The Composers and Authors Society of Hong Kong Ltd.(CASH) is a copyright society in Hong Kong established in 1977 which aims to administer and enforce collectively the rights of composers and authors of musical works subsisting under the copyright law of Hong Kong SAR. Its motto is "your music partner" which demonstrates the relationship of CASH with its members, music users and public. The word "Author" here stands for "Lyricist" instead of the common understanding of an author. CASH has established the CASH Music Fund to promote a higher standard of local music composition and to encourage and develop songwriting talent by sponsoring a wide range of musical activities in Hong Kong.

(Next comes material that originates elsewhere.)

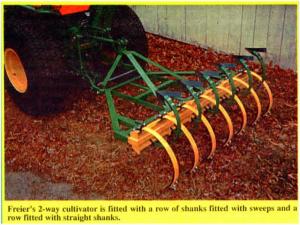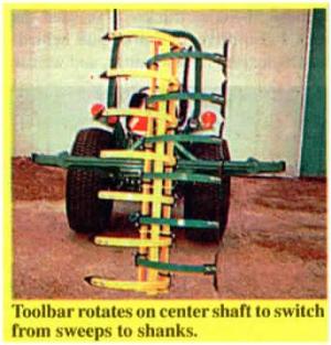 Freier's 2-way cultivator is fitted with a row of shanks fitted with sweeps and a row fitted with straight shanks. To switch from one to the other, he simply pulls pins, slides the toolbar back, and rotates it on a center shaft. Other implements could be adapted to the system.
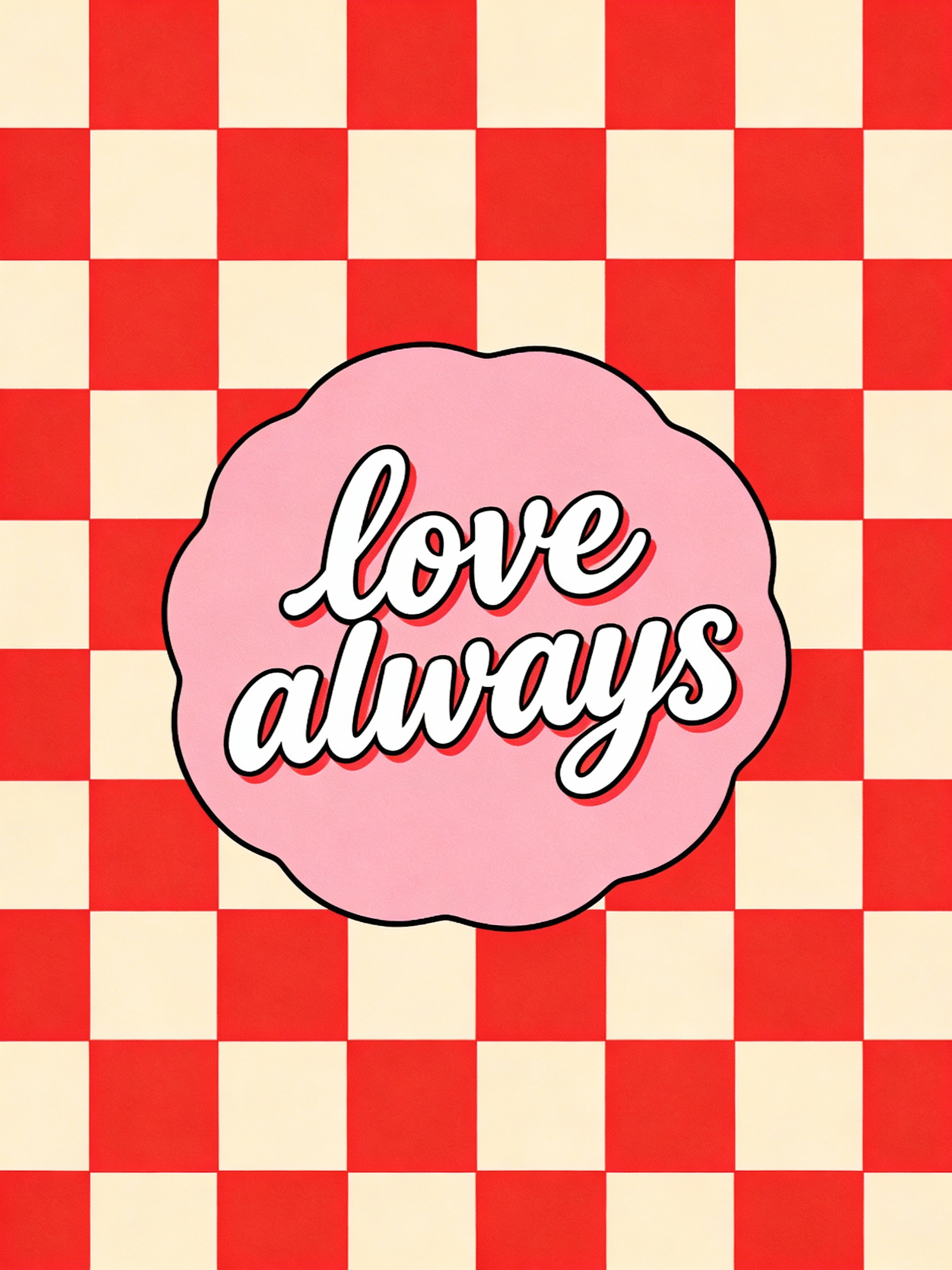 Bright red and cream checkered background with a pink centerpiece displaying 'love always' in bold cursive text.

CASH at present represents over 2 million songwriters including local members and, by means of reciprocal representation agreements, members from more than 200 countries / 80 overseas affiliated societies. All licence fees received after deduction of its administrative costs are distributed to local Members and overseas affiliated societies.

Members 

To be eligible as a member of CASH, one must be either a writer (including composers and authors) or a music publisher:

Writer (including composers and authors)

Hong Kong Identity Card holder;

Original composer and / or lyricist; and

Meeting one of the following 2 conditions :
(i) At least 1 work having been commercially published; or
(ii) 3 counts of original created work having been broadcast or made available or publicly performed by CASH licensees or in CASH licensed venues irrespective of the number of works involved.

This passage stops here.